Image: Wikimeia Commons / Fma 12
Image: Wikimeia Commons / Fma 12

Sport and the Soviet Union: The projection of ideology

Whilst sports and the Soviet Union sounds like the newest edgy Warwick SU society, it is actually a pairing often underexplored. Throughout the Soviet Union, sport played a key role in society, a role that I hope to explore and explain. Whether the outcomes are gruesome, comedic or simply confusing, the history of sports in the USSR is certainly an interesting one.

The first event I’d like to explain in this anthology of chaos is the story of the Soviet ice hockey team, managed at the time by Vasily Stalin (yes, Stalin’s son). After a fatal plane crash, with nearly the entirety of the Moscow team involved, Vasily was stuck. A perpetual drunk, Stalin was forced to pursue an uncharacteristically elegant solution: each of the players lost in the air-disaster were simply replaced by players with the same surname. Vasily also demanded that the press refer to his roster only by their last name, while simultaneously banning the “replacement players” from scoring in the next match.

This astounding feat of deception and absurdity is certainly how many choose to sum up the Soviet Union. Fearing punishment from the state, a nepotistically-appointed hockey coach was forced to airbrush tragedy from history in order to please his superiors. However, in the case of Stalin’s ice hockey dilemma, the outcome did not refer to type. Joseph Stalin did not learn of the deaths of his Soviet hockey stars and Vasily’s rapidly-assembled roster won their next fixture. A gruesome example of the workings of Stalin’s Soviet Union.

Dynamo Moscow: the public face of the secret police

Beyond hockey, football also played a key role in the USSR both domestically and internationally. Football, whilst already popular, was first widely promoted in the USSR in the 1920s by the government as a form of entertainment for workers. The establishment of the Soviet League followed a familiar pattern, each government department was invited to set-up a team: CSKA Moscow spawned from the army, Lokomotiv Moscow dedicated to railway workers, and Dynamo Moscow the public face of the secret police.

Soviet football was used as a means of promoting the communist project as internationally superior to Western alternatives. Soviet leaders believed that being successful in football on the international stage would not only embarrass the powers of Western Europe, but also promote the benefits of communism inside the USSR.

The Soviet government, however, was less sympathetic

Football, however, was not merely a tool used by the establishment to maintain control, it also became a tool of rebellion. Spartak Moscow was established in 1934, and quickly became the nation’s most popular club.
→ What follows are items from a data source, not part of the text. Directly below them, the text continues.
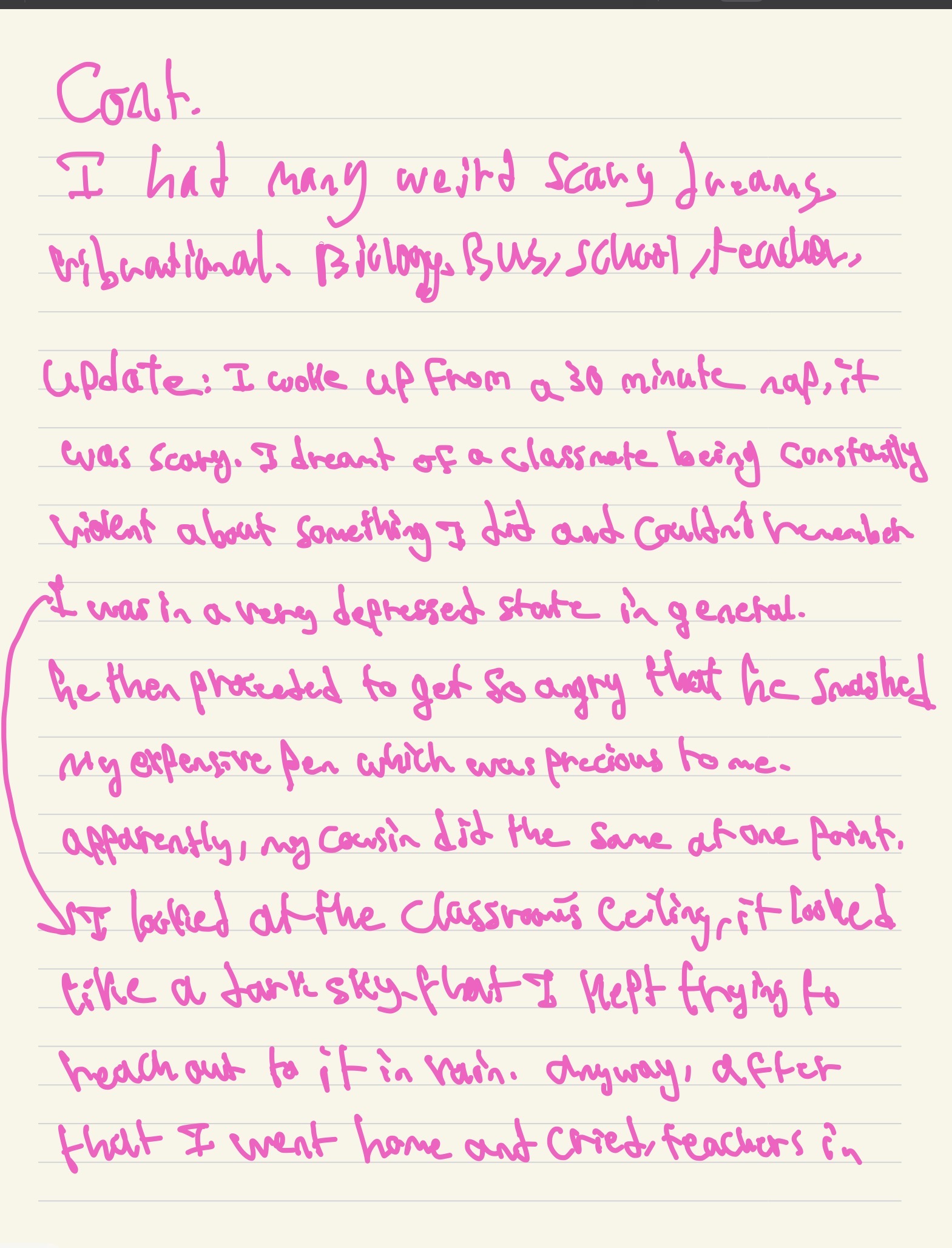 oh wait it was a phone he broke at first, a pink iphone 15 that i saved for, then it turned intoa pink pen at one point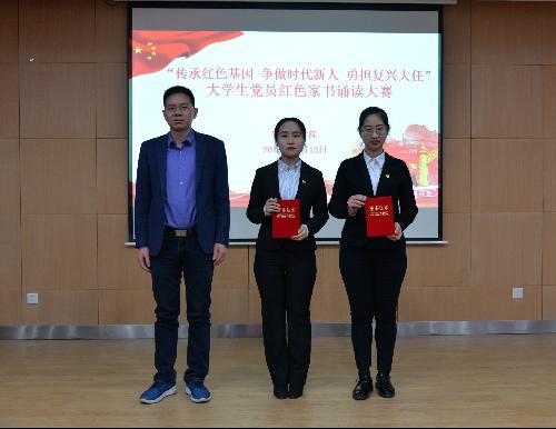 赵志业老师和高宝山老师对本次比赛给予了高度评价,他们希望广大党员在本次活动的感召下,认真诵读和学习红色家属中的经典名篇,学习革命先烈的光辉事迹,要秉承和发扬革命精神,为学校,为国家的发展贡献自己的力量。经过评委打分,王雅楠获得一等奖,兰惠晶、叶言文获得二等奖,任一曌、袁林、杨明昊获得三等奖,林佳丽、周松、陈莉、 吴璐璐、曾桂花、康馨文、王文获得优秀奖。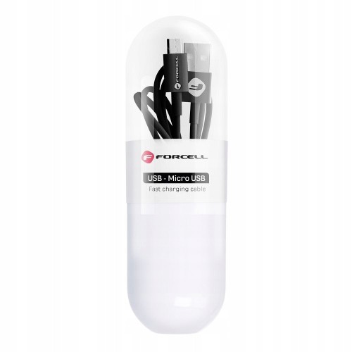 Kabel Forcell USB ze złączem micro USB pozwala naładować urządzenia i umożliwia przesyłanie danych. Akcesorium dostępne w kompaktowej tubie.
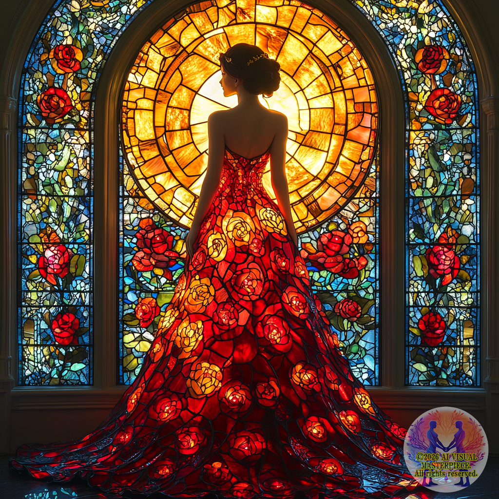 背後から差し込む太陽光が、ドレスとステンドグラス窓を輝かせ、まるで光そのものが生命を得たかのような美しさです。
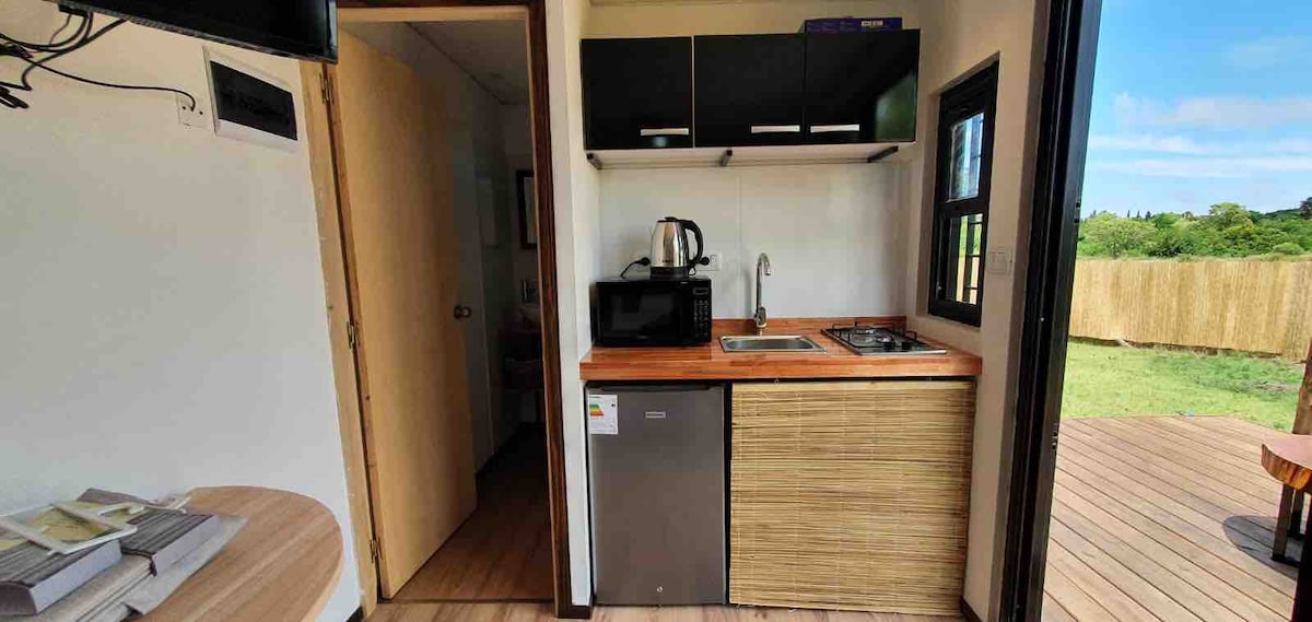 Un espacio único en medio de la nada. En el pueblo de Riachuelo, a solo 12 km de la ciudad de Colonia del Sacramento. 40m² de confort con todo lo necesario para un descanso absoluto en un predio de 5 hectáreas. Playita frente al arroyo donde si quieres puede nadar, pescar y si traes un kayak disfrutar el lugar a pleno. Pesca recreativa. Parrilla. Avistaje de pájaros. Piscina.
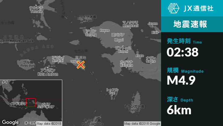 | 震源地 | インドネシアのAmahaiから東178kmの地点 |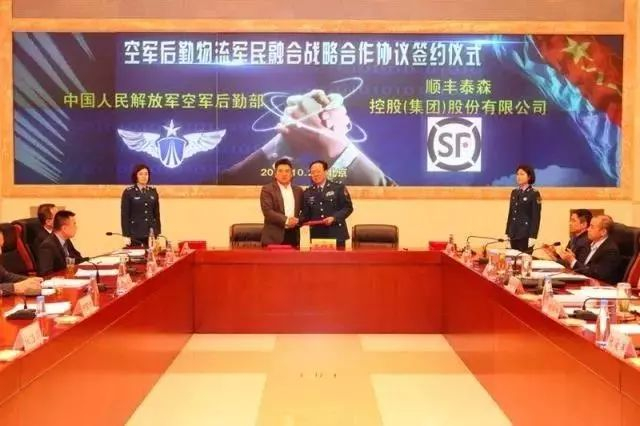10月23日,空军后勤部在北京与顺丰集团、中铁快运股份有限公司、中国邮政速递物流股份有限公司、德邦物流、京东物流5家地方优质物流公司和中国物流与采购联合会共同签署了《空军后勤物流军民融合战略合作协议》。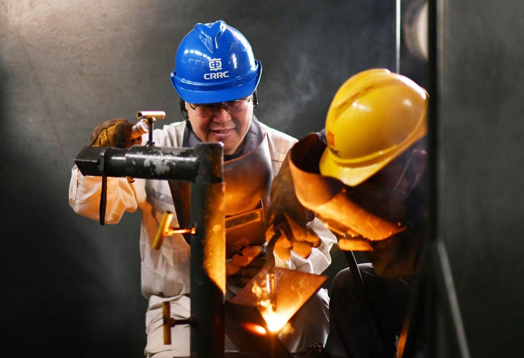 2024年2月4日,中車(chē)齊齊哈爾車(chē)輛有限公司貨車(chē)分廠電焊高級(jí)技師、高級(jí)工程師王海(左)指導(dǎo)徒弟焊接試件。新華社記者 王建威 攝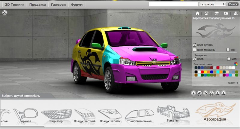 Нашел в интернете оч прикольный сайт, где можно в режиме онлайн и полноразмерном тюнинговать и преображать разных марок автомобили! В качестве инструмента использованы стандартные опции на подобии NFS , чуть беднее только. Но графика поражает своей реалистичностью! И затягивает своим процессом! В общем всем советую посетить данный сайт. А тех у кого что-нибудь интересное получилось - выкладывайте сюда

Named in honour of Spartacus, the rebel slave-turned gladiator of Roman legend, Spartak Moscow was known as “the team of the people.” Alongside his three brothers, Nikolai Starostin quickly became the biggest name in Soviet Football. The Soviet government, however, was less sympathetic to Starostin’s rebel cause; so, the Starostin brothers were arrested and sent to Siberia in 1941. Fortunately for Nikolai, the prison guards were die-hard Spartak supporters, and thus he was shielded from the maltreatment usually experienced within prison walls. His brothers were less fortunate, and were forced to complete their full sentences.

Sport is a universal phenomenon that often plays a far greater role in history than we may otherwise have realised. To this day, sport continues to be used as an ingredient in nationalist projects of all stripes. The case of the USSR is perhaps the most extreme example of the fusion of sport with ideology, and it proves the power of athleticism in the fight for control.